Reputation: 3705
I'm trying to use lambdas with threads in c++, and use captures as a way of passing data to the thread. The following code prints "ConnectionInfo(copy)" three times when the thread is created. Is there anyway to reduce it to a single copy? I'm not sure why it's copied the extra two times.
#include <iostream>
#include <functional>
#include <memory>
#include <thread>
using namespace std;
class ConnectionInfo
{
public:
ConnectionInfo():port(0) {}
ConnectionInfo(int p):port(p) {}
ConnectionInfo(const ConnectionInfo &other)
{
std::cout << "ConnectionInfo(copy)" << std::endl;
port = other.port;
}
int port;
void Connect() {};
};
int main() {
std::cout << "Create" << std::endl;
ConnectionInfo c(2);
std::cout << "Thread" << std::endl;
std::thread t(
[a = c]() mutable
{
a.Connect();
std::cout << "Done" << std::endl;
}
);
std::cout << "Joining" << std::endl;
t.join();
std::cout << "Joined" << std::endl;
return 0;
}
Output is:
Create
Thread
ConnectionInfo(copy)
ConnectionInfo(copy)
ConnectionInfo(copy)
Joining
Done
Joined
Upvotes: 0
Views: 151
Reputation: 21166
The definition of std::thread requires the arguments to be passed by value to the new thread and as the lambda is a temporary in your case, that is exactly what you want. However, those extra copies are most likely actually moves that degrade to copies, as your class doesn't have a move constructor.

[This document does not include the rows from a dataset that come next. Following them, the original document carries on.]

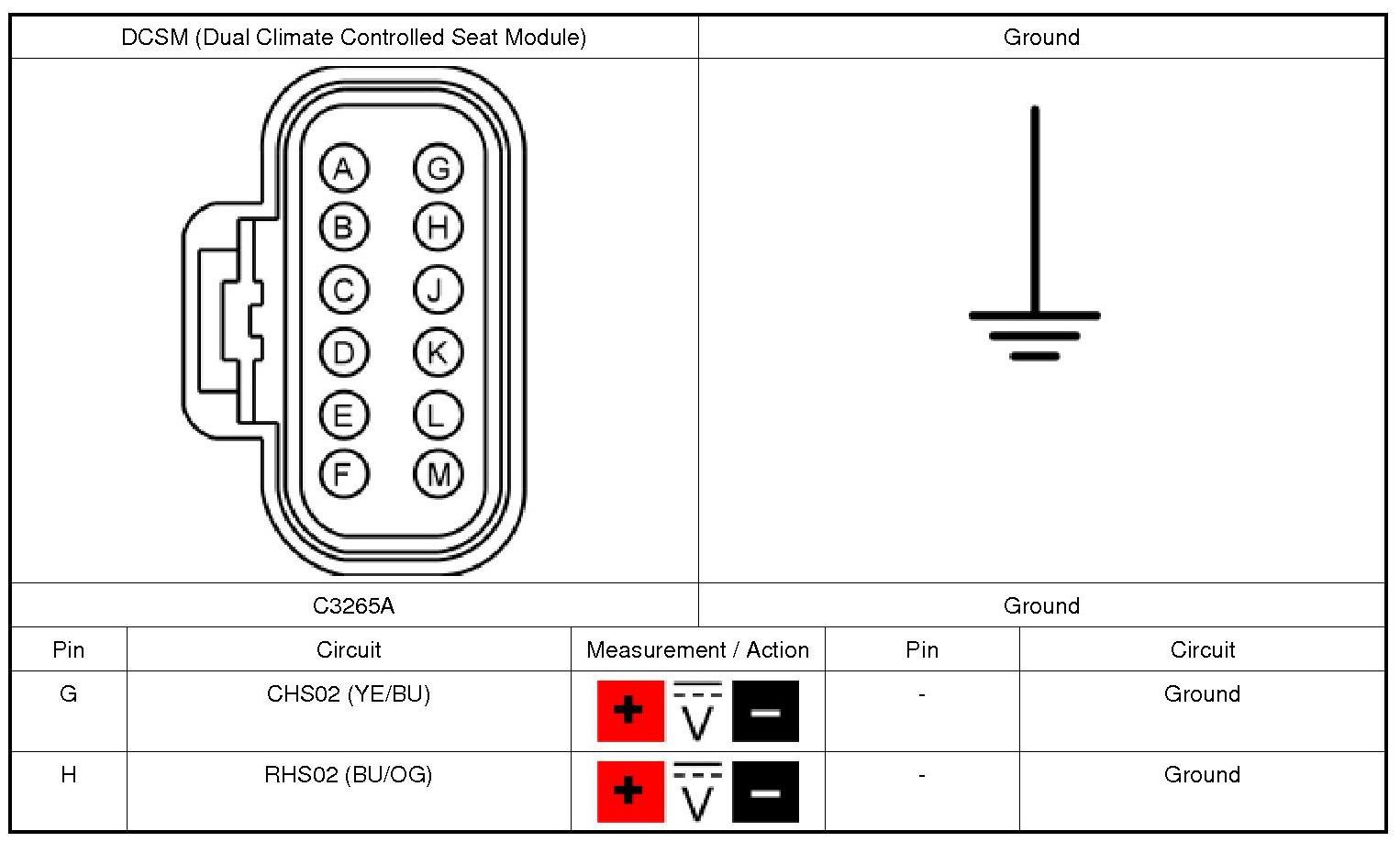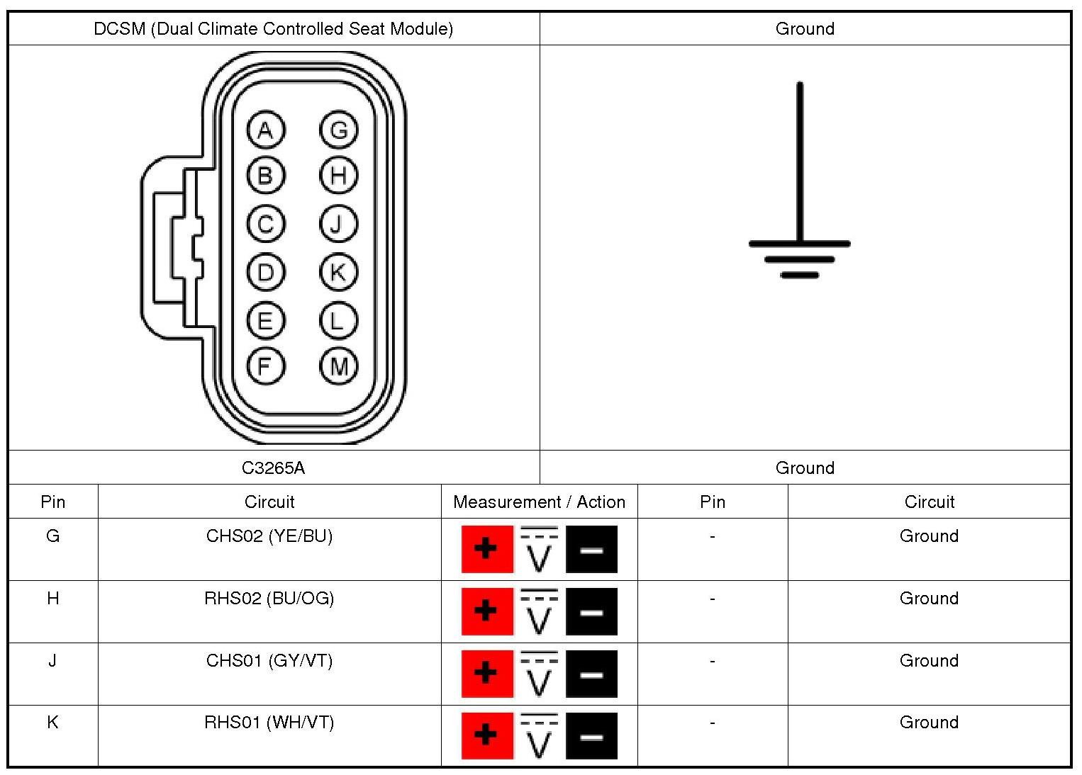 NOTICE: When taking measurements at DCSM (Dual Climate Controlled Seat Module) harness connectors, do not insert the electrical probes into the female connector pins. Inserting the probes into connector pins can cause intermittent or open electrical connections after reassembly resulting in DTCs (Diagnostic Trouble Codes) and system failure. Touching the tip of these connector pins is recommended instead.
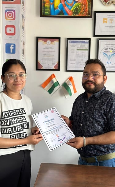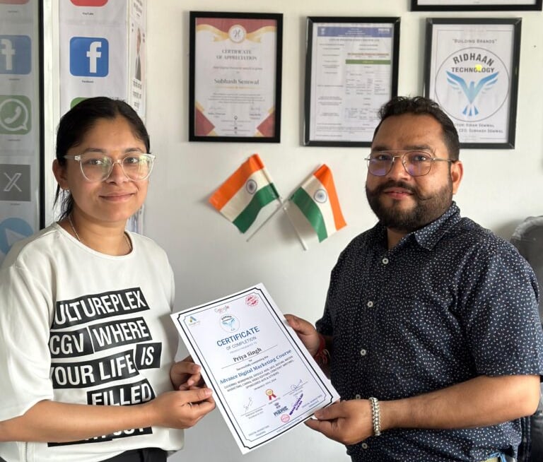 Ridhaan Technology offers professional digital marketing services, also providing digital marketing courses both offline and online in Dehradun. Helping students and professionals build successful careers in the digital world. Learn from industry experts with 15+ years of experience and gain practical skills to grow your brand or business online.
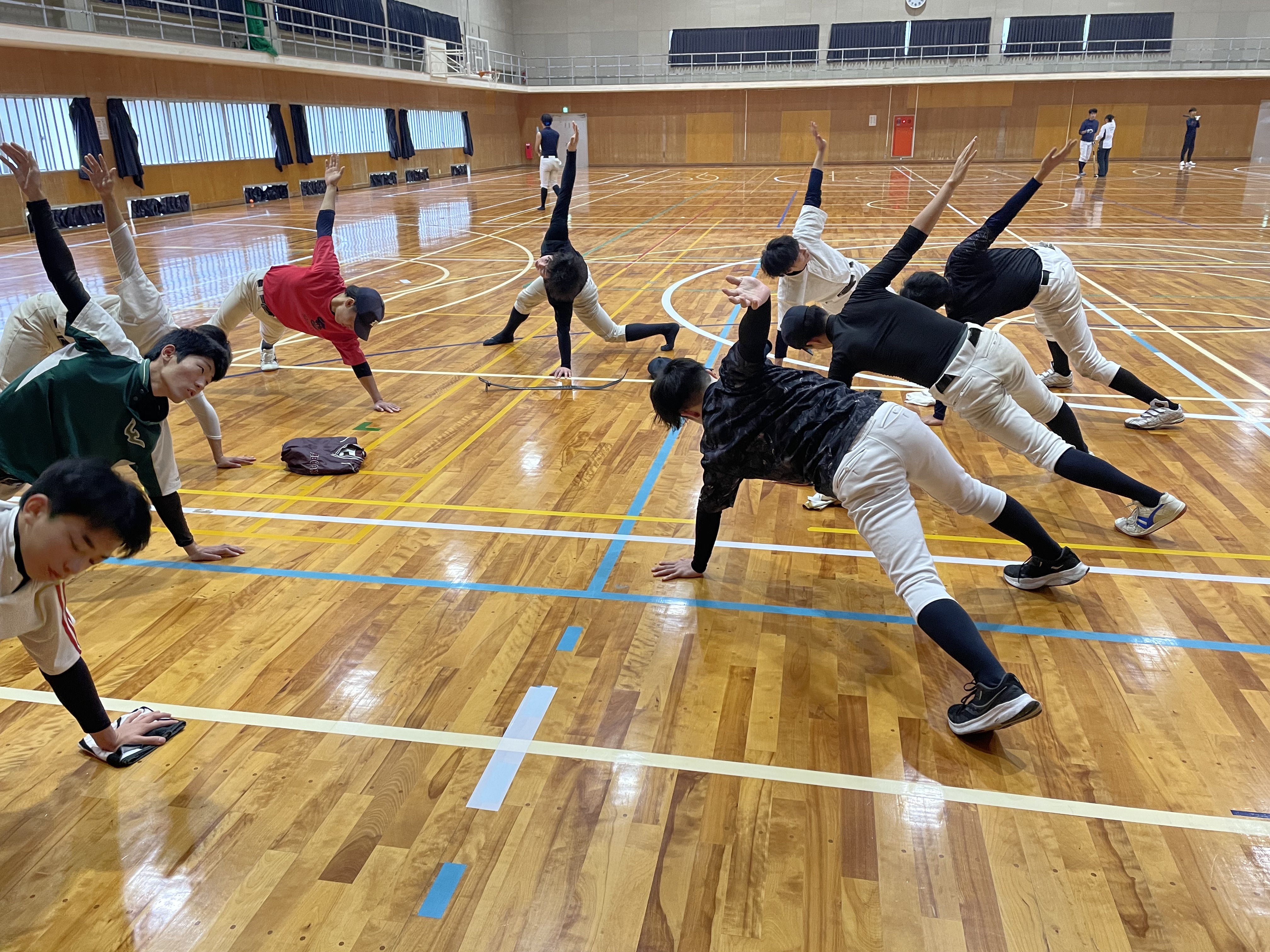 沖縄合宿2日目 kyodaijunko 2024年2月9日 コメントはありません Tweet 沖縄合宿2日目の様子をお伝えします。 午前中は悪天候のため、体育館にての練習でした。体幹やウエイトなど体作りをメインに行いました。 午後は天候も回復し、グラウンドにて練習することができました。ノック、バッティングなど有意義な練習となりました。

So, adding a move constructor to your class, should bring down the sequence to one copy (the capture) and two moves.
Of course, this only helps, if move is cheaper than copy, but i if the overhead of a copy matters compared to the creation of the thread, your object is most likely managing some data on the heap or has to perform otherwise expensive operations on copy that often can be omitted in the move constructor.